Almost every artist Eater spoke to agreed that what the bar entertainment industry needs more than anything is some sort of financial support through another stimulus package (currently on hold), but also potentially through the DAWN Act. That bill proposes authorizing $43.85 billion in grants to operators, employees, and artists of live venues, recording venues, cultural spaces, and related businesses that have been impacted by the pandemic, as well as health care subsidies. “It’s really important for the federal government and for states to be really considering the economic impacts that artists do have on our economy,” Hannah the Hatchet says. “People love entertainment and love live performance. … We bring a lot to these cities.”
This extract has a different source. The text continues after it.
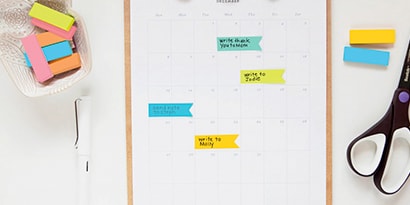 The holiday season is a perfect reminder to reach out to family and friends who you’re not in touch with as often as you’d like. Maybe Aunt Sherry had a tough year and could use an especially nice letter, or maybe that old college roommate hasn’t heard from you in three years. Write reminders on Post-it® Page Markers, stick them on the calendar on days you’re committing to writing the letter, and you’ll have an easy way to ensure you stay in touch with family and friends.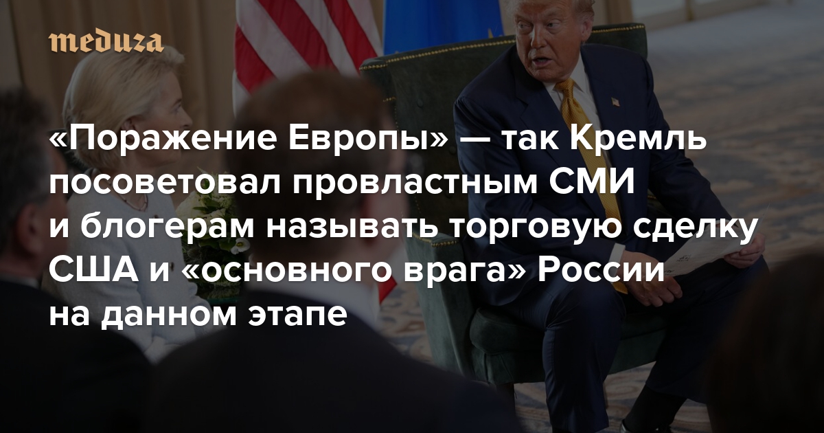 «Поражение Европы» — так Кремль посоветовал провластным СМИ и блогерам называть торговую сделку США и Евросоюза Главное — рассказать россиянам, что «у основного врага все еще хуже, чем у нас»

Céleste Vé Dette is also apprehensive of how the arts community will be impacted if it continues to be left out of stimulus packages. “I’m really worried about not only music and dance performers, but the whole arts and culture sector. I foresee, unfortunately, the venues closing down who didn’t receive any funding assistance and have had to keep their doors closed throughout this entire shutdown,” she says. She also predicts that the financial strains of the economic downturn may prevent some from returning to their craft. “I think we are going to see a shift in the community. I don’t know if everybody who did burlesque pre-pandemic can come back to it.”
For now, people working in the hospitality and entertainment industries are waiting for the day when they’ll be able to return fully to what they love doing. “I’ll be happy when we can see people again,” Lottie Ellington says. “My boobs miss the applause.”